DYLANOLOGIE. Song To Woody.

Reprise du flambeau

Marcher dans les traces des anciens et tracer son propre sillon, emprunter en réinventant sans cesse, revendiquer un héritage tout en jouant les iconoclastes et les partisans de la table rase: tels sont les principes a priori contradictoires qui sous-tendent l’œuvre du plus grand songwriter que l’Amérique ait produit. Un individualiste forcené tel que Dylan, qui met un point d’honneur à se tenir à l’écart des ligues, des cliques et des meutes (« bande à part sacrebleu c’est ma règle et j’y tiens »), ne peut se choisir pour figures tutélaires que des hommes au caractère bien trempé et qui ont marqué leur époque. Quand Brassens se réclame de Villon, Verlaine et Paul Valéry, le Dylan des débuts célèbre ses héros américains, les visages vénérés de son mont Rushmore: Leadbelly, Cisco Houston, Sonny Terry et bien sûr Woody Guthrie.

Quelques mois avant d’enregistrer son premier album, Dylan avait rendu visite à Guthrie, interné depuis quatre ans dans un hôpital psychiatrique du New Jersey et victime de la maladie de Huntington, dont il devait mourir en 1967. Pour comprendre la place qu’occupait alors Guthrie dans son panthéon personnel, il suffit de rappeler que seuls deux titres composés par Dylan figurent sur le disque: l’un est un hommage direct à Guthrie et l’autre un talking blues qui copie ouvertement le style du grand Woody. 

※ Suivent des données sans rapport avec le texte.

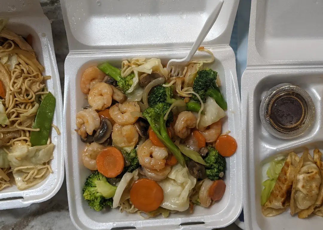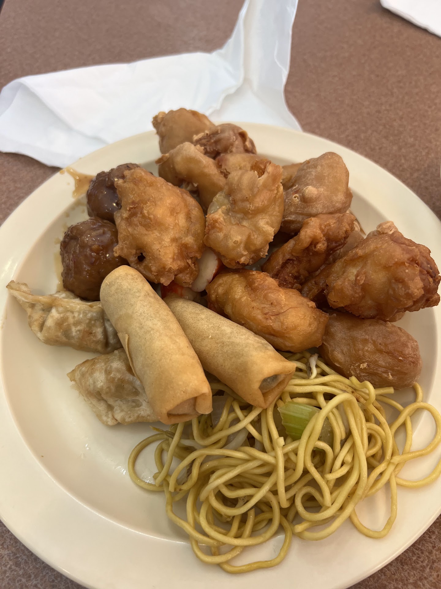 The lunch buffet is relatively small but it is only $10.00 in 2025 money. It had a salad bar on one island with: honeydew melon, cottage cheese, jello, pudding, potato salad, etc. Everything tasted fine. The entree island was not so good. The best five items were the BBQ meatballs, mashed potatoes, green beans, imitation crab meat stir fry, and fried shrimp and cocktail sauce. The sweet and sour pork and chicken, the noodles, and the fried rice were mediocre. The egg drop soup and chicken almond ding were not edible.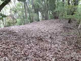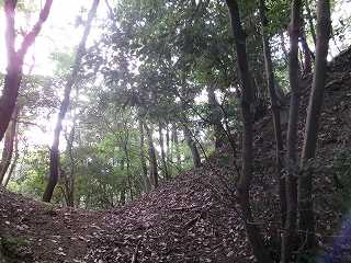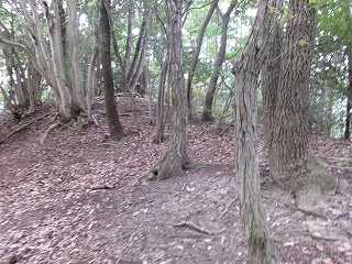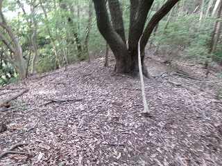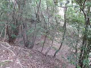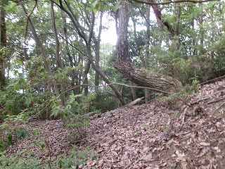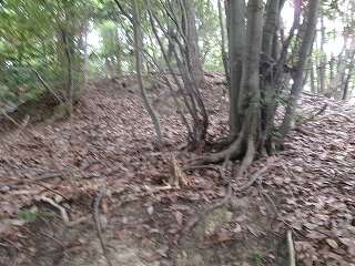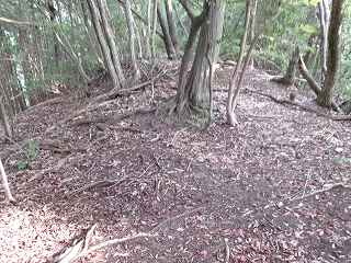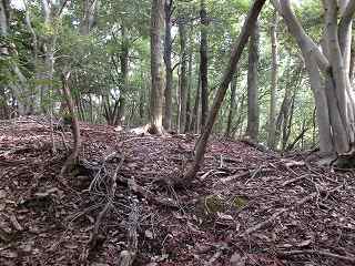 尾根は自然地形のままのように見られるが、所々段々に切岸加工がされている。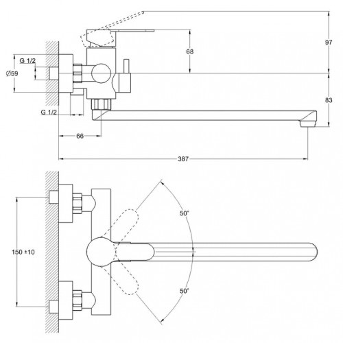 Установка: настенная, над раковиной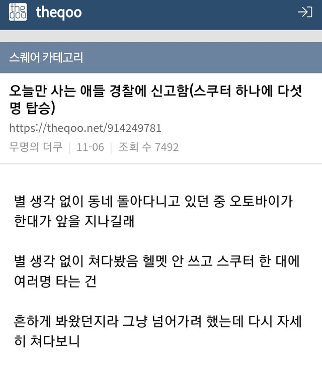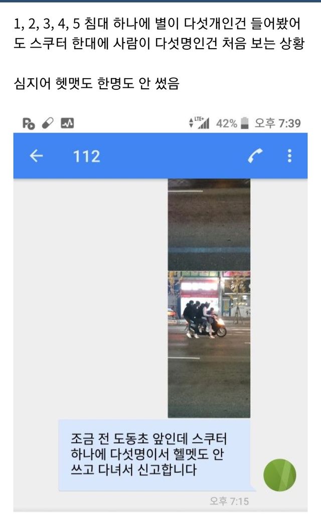 오늘만 사는 애들 경찰에 신고함(스쿠터 하나에 다섯명 탑승)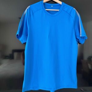 Lululemon Mens Short Sleeve Athletic Shirt Zip Back Pocket Blue Size Medium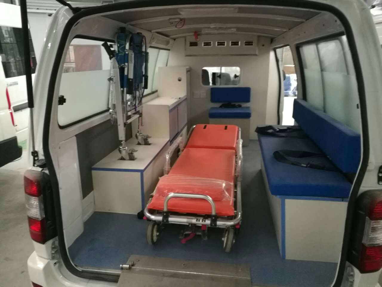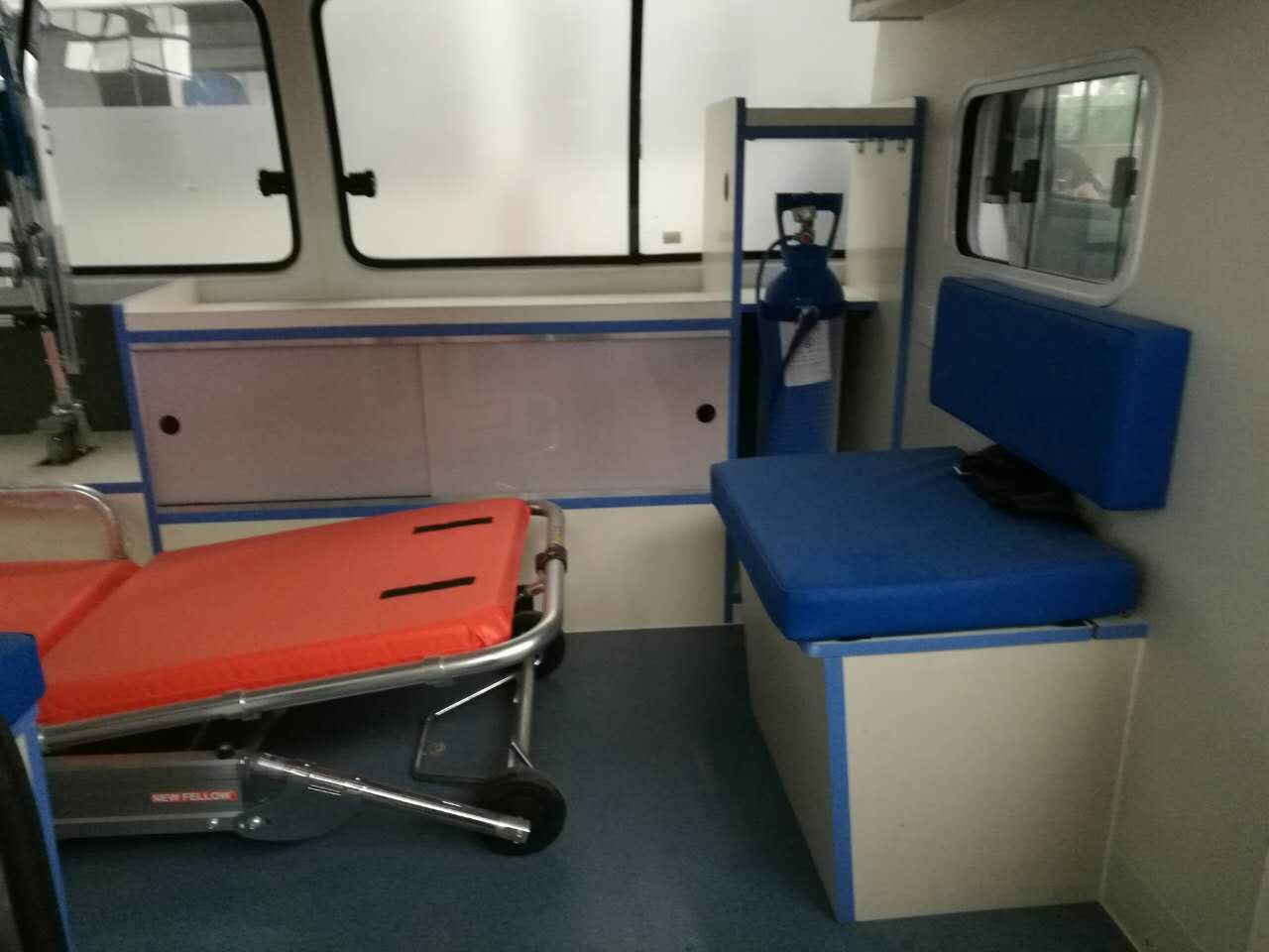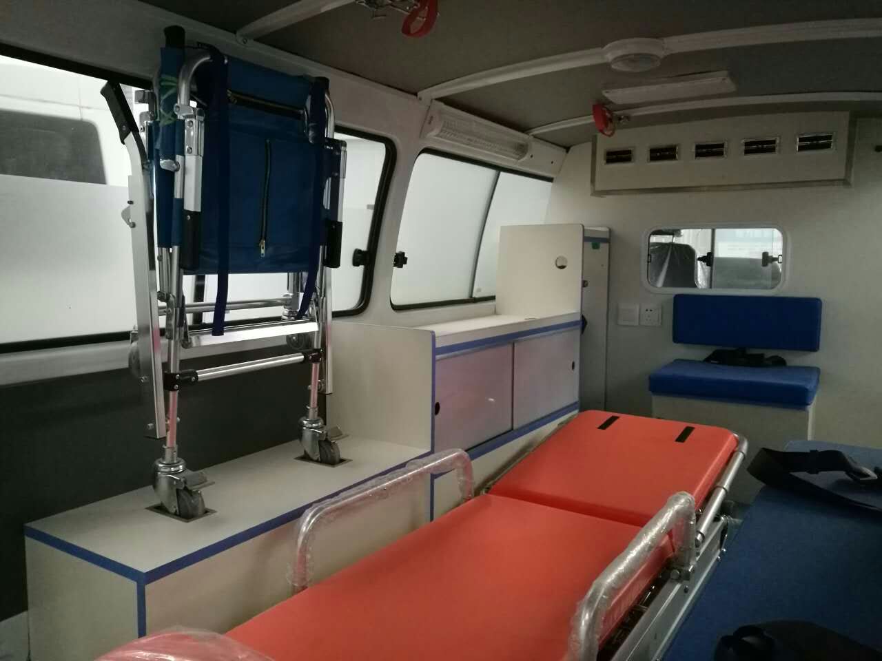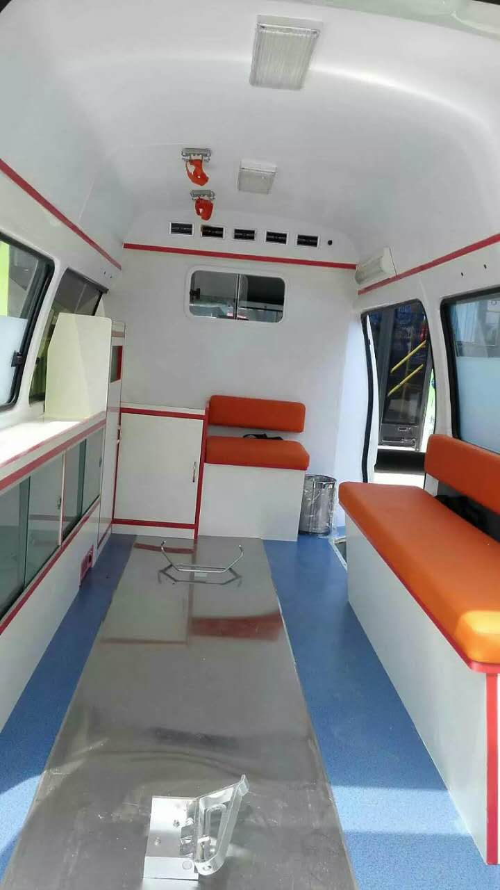 1、便攜折疊式擔架1件;2、醫(yī)藥柜1件;3、固定安裝氧氣瓶1只;4、輸液吊鉤2只;5、消毒燈1只;6、污物桶1只;7、單人座椅3只;8、長條貯藏柜帶2人位軟座墊、軟靠背和安全帶1套;9、中隔斷帶鋁合金滑窗1套;10、前頂裝全藍警燈警報器1套;11、照明燈2只;12、逆變器1只;13、電源插座1組;14、中門上車扶手;15、后門上車踏板;16、醫(yī)用耐磨塑膠地板革;17、貼救護十字標志;廠家銷售熱線:13872882215.

« I’m out here a thousand miles from my home / Walking a road other men have gone down »: à nouveau le déracinement, à nouveau la persona romantique du rambler, mais ce voyageur n’est pas sans bagages, il porte en lui toute une tradition, toute une histoire, car d’autres avant lui ont montré la voie. D’emblée, Dylan s’inscrit dans une lignée dont il se présente comme l’héritier légitime: chanter ceux qu’il admire, c’est aussi l’acte fondateur d’une identité propre. La mort prochaine du modèle ne fait que renforcer le désir de reprendre le flambeau et d’assurer la continuité à un moment charnière où le vieux monde incarné par Guthrie disparaît pour laisser la place à un futur incertain et rempli de possibles: « It looks like it’s dyin’ and it’s hardly been born ».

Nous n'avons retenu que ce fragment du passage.